Da análise dos dados acima, conclui-se que a recuperação judicial pode ser um excelente caminho a ser utilizado pelas companhias em crise, pois traz condições de negociação diferenciadas, as quais dificilmente seriam obtidas por meio de uma solução de mercado. Somando-se isso com as demais medidas adotadas de reestruturação do negócio que foram apresentadas no plano de recuperação judicial, a probabilidade de êxito de um projeto de recuperação judicial é extremamente alto.
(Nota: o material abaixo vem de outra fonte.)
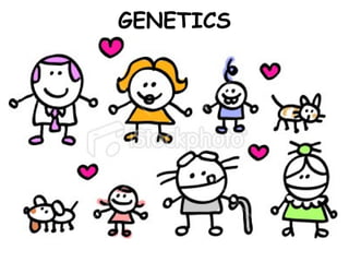 The document discusses the basics of genetics, including that traits are passed from parents to offspring through genes located on chromosomes, and that genes can be dominant or recessive, explaining concepts like Punnett squares and how Gregor Mendel discovered the principles of heredity through experiments with pea plants. It also touches on more advanced genetics topics such as sex-linked traits, codominance, and dihybrid crosses.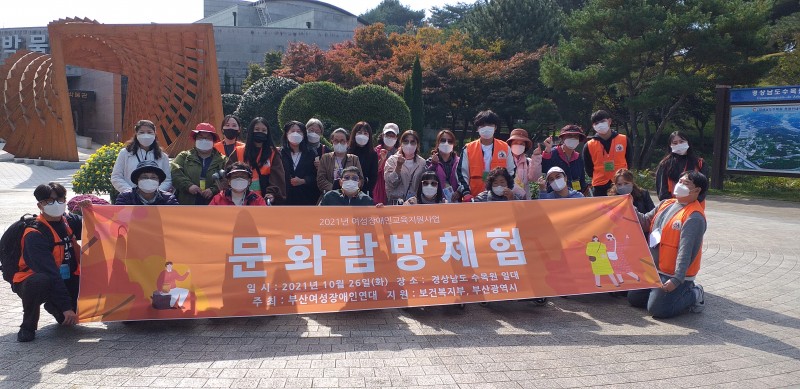* 2021년 여성장애인교육지원사업 [문화탐방체험]을 무사히 잘 다녀왔습니다* 페이지 정보 작성자 최고관리자 작성일21-10-28 13:31 조회1,001회 관련링크 이전글 다음글 목록 본문 10월 26일(화) 총 24명 경남수목원 잘 다녀왔습니다.^^날이 좋아 더욱더 즐거운 시간이었습니다.함께해주신 모든 분들께 감사드리며이번에 함께하지 못한 분들께 죄송한 말씀드리며, 내년에는 꼭 더 많은 회원님들과함께 할 수 있도록 노력하겠습니다^^감사합니다~ 이전글 다음글 목록

O que se observa, em regra, quando do insucesso de uma recuperação judicial, é a utilização do instituto de forma inadequada, pensando-se apenas nas questões financeiras (carência, deságio, prazo, juros), não realizando o dever de casa, que é a reestruturação das atividades operacionais da empresa. Além desse ponto, ainda há uma outra questão que agrava os projetos, trata-se do timing, ou seja, do momento ideal para ingressar com o pedido de recuperação judicial.
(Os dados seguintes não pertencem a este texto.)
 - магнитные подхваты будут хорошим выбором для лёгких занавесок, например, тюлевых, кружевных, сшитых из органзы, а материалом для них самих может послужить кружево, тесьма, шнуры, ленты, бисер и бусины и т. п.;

Invariavelmente os responsáveis pela gestão do negócio somente buscam o benefício legal quando a situação está insustentável, não havendo mais, recursos em caixa, nível de estoques adequados à operação, títulos a receber disponíveis para negociação, crédito junto aos fornecedores e as instituições financeiras etc., enfim, deixando em xeque o princípio da continuidade da entidade.

Porém, a Lei de Recuperação de Empresas brasileira, juntamente com as alterações trazidas pela Lei 14.112/2020, que modernizaram ainda mais o instituto recuperacional, possibilita, sem sombra de dúvidas, o soerguimento das empresas em crise, pois traz em seu texto regras modernas e alinhadas com as normas de insolvência das principais economias mundiais, bem como com a lei modelo sugerida pela United Nations Commission On International Trade Law (UNCITRAL). Em suma, temos à disposição uma norma de insolvência de primeiro mundo.